Ha. I look at it like working out: hard to get up off your butt going through all 5 stages of denial when the rapid is paged, can suck during it, but satisfying afterwards when you get the endorphin hit and feel the pump of some real doctoring and 4.5-6.75 rvus.
 
and that MAY be true for procedural specialties that need to be performed in the hospital...though typically they will just move over to the hospital that won't make them admit to their service, but admit to hospitalist team and they consult. At one of the community hospitals that i cover (consulting only don't even have admitting privileges there), ortho pts for surgery ar actually admitted to the hospitalist service...because ortho can ask for that and get it.

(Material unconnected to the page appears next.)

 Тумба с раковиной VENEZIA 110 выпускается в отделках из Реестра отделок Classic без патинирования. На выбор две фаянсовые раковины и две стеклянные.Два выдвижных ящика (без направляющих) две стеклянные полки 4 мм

for non procedural services...endocrine, rheum, derm, so forth...dont really get the bulk of new pts from the hospital setting anymore...wait times (for endocrinology at least) are easily 3-4 months for new pts appts...there are PLENTY of pts to be referred from the output setting...make these services admit to their own service ...they will just let go of inpt services...and won't suffer financially one iota.
Bingo.

In rheumatology, for instance, it has become quite rare for even huge academic hospitals to have a rheumatology admitting service. Last I checked, there’s only two or three in the country that still do this. Outside of the ivory tower, most rheumatologists don’t even go to the hospital - never mind admitting. And we are scarce enough that we can demand outpatient only jobs. I’ve haven’t done any consults in the three jobs I’ve had since fellowship.
 
Bingo.

In rheumatology, for instance, it has become quite rare for even huge academic hospitals to have a rheumatology admitting service. Last I checked, there’s only two or three in the country that still do this. Outside of the ivory tower, most rheumatologists don’t even go to the hospital - never mind admitting. And we are scarce enough that we can demand outpatient only jobs. I’ve haven’t done any consults in the three jobs I’ve had since fellowship.

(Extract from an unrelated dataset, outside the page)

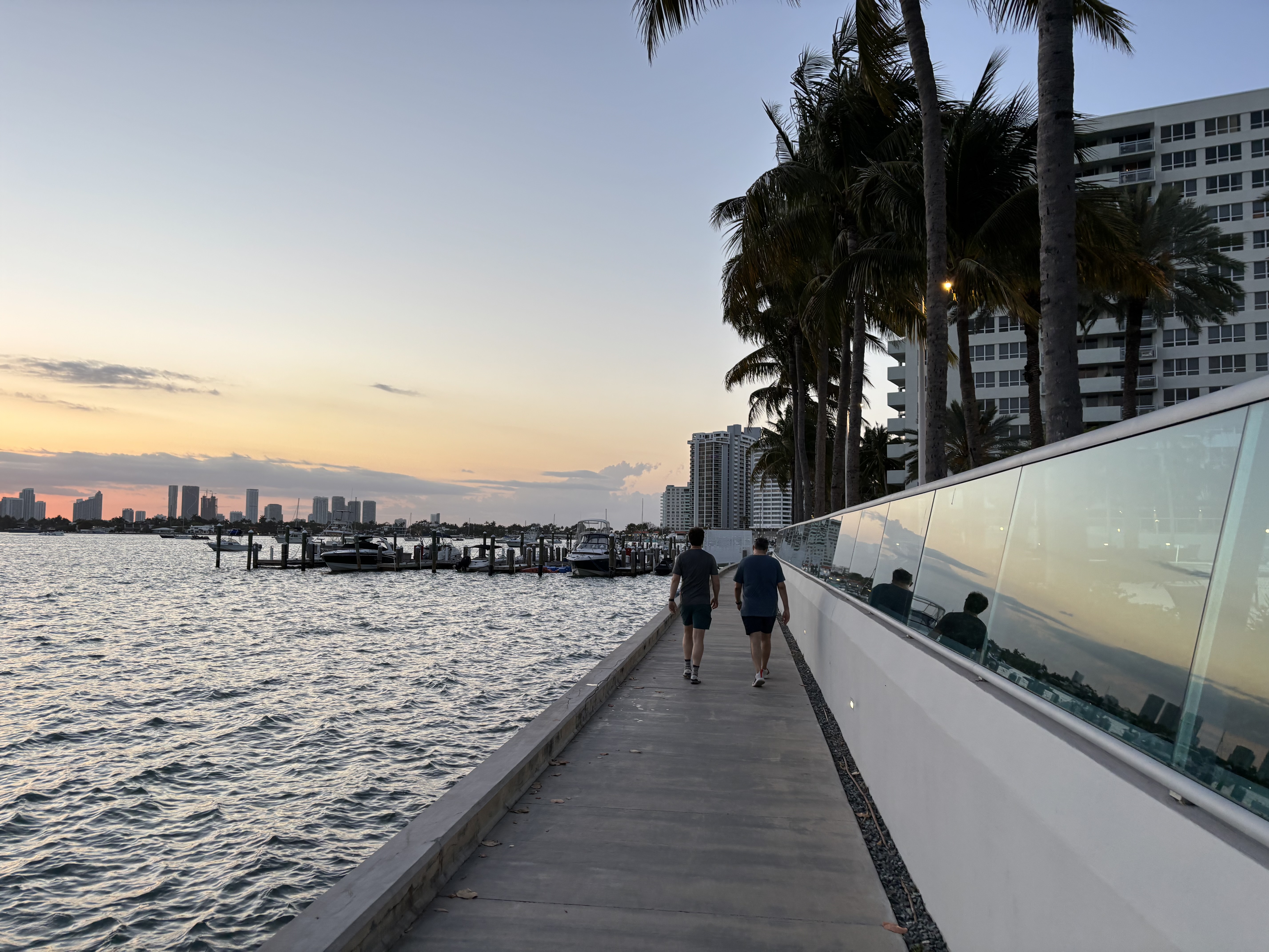 Cei de la hotel au fost amabili să ne ofere early check-in iar pentru că drumul a fost obositor am dormit până seara. La apus am ieșit la plimbare pe malul Biscayne Bay, golful care separă Miami Beach de Downtown

Maybe for the ones employed by a private practice, but I doubt hospital employed specialists (even in specialties that are primarily outpatient based) will be able to get out of inpatient duties at their respective hospitals. The non-procedural specialists often don't have to admit themselves from the ED at most hospitals (may be they do if it's their own scheduled elective admission), but they will still be expected to be on responsible for ED and inpatient calls for consults even at night. For example, if there's a stat consult on an endocrinology emergency like thyroid storm in in the middle of the night from the ED, they will need to come in and see the patient.
 
and that MAY be true for procedural specialties that need to be performed in the hospital...though typically they will just move over to the hospital that won't make them admit to their service, but admit to hospitalist team and they consult. At one of the community hospitals that i cover (consulting only don't even have admitting privileges there), ortho pts for surgery ar actually admitted to the hospitalist service...because ortho can ask for that and get it.

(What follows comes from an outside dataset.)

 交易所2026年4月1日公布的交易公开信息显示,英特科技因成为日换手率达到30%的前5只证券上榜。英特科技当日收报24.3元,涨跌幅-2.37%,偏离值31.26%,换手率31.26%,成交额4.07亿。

for non procedural services...endocrine, rheum, derm, so forth...dont really get the bulk of new pts from the hospital setting anymore...wait times (for endocrinology at least) are easily 3-4 months for new pts appts...there are PLENTY of pts to be referred from the output setting...make these services admit to their own service ...they will just let go of inpt services...and won't suffer financially one iota.
I'm in one of the most competitive healthcare markets in the country...and this is very true just FYI for people. There's an 8-12 month wait to see endocrine, rheum, outpatient neurology, no idea for derm. And none of them take hospital consults anymore. Doesn't seem to be affecting their practice at all.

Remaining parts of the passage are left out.